REQUIREMENT:
Below are lines of data; restate word for word those running from the line containing "Uma cena náutica" to the line containing "2 Pack Acoustic", inclusive, and no others.

RECORDS PROVIDED:
================

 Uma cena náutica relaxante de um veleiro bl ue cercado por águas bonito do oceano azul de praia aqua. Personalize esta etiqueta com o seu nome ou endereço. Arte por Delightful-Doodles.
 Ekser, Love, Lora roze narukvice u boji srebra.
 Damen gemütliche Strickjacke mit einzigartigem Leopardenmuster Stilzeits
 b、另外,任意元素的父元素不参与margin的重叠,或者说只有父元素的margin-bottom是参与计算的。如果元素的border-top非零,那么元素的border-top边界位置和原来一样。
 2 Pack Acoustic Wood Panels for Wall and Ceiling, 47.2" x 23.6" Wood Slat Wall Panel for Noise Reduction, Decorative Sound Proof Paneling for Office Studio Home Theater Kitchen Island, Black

================

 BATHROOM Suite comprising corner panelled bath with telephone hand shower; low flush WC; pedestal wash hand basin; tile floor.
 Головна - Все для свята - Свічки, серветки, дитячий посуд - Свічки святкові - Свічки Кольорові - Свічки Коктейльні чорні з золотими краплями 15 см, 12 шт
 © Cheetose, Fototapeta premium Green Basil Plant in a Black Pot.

================

THE COMPLETED TASK:
 Uma cena náutica relaxante de um veleiro bl ue cercado por águas bonito do oceano azul de praia aqua. Personalize esta etiqueta com o seu nome ou endereço. Arte por Delightful-Doodles.
 Ekser, Love, Lora roze narukvice u boji srebra.
 Damen gemütliche Strickjacke mit einzigartigem Leopardenmuster Stilzeits
 b、另外,任意元素的父元素不参与margin的重叠,或者说只有父元素的margin-bottom是参与计算的。如果元素的border-top非零,那么元素的border-top边界位置和原来一样。
 2 Pack Acoustic Wood Panels for Wall and Ceiling, 47.2" x 23.6" Wood Slat Wall Panel for Noise Reduction, Decorative Sound Proof Paneling for Office Studio Home Theater Kitchen Island, Black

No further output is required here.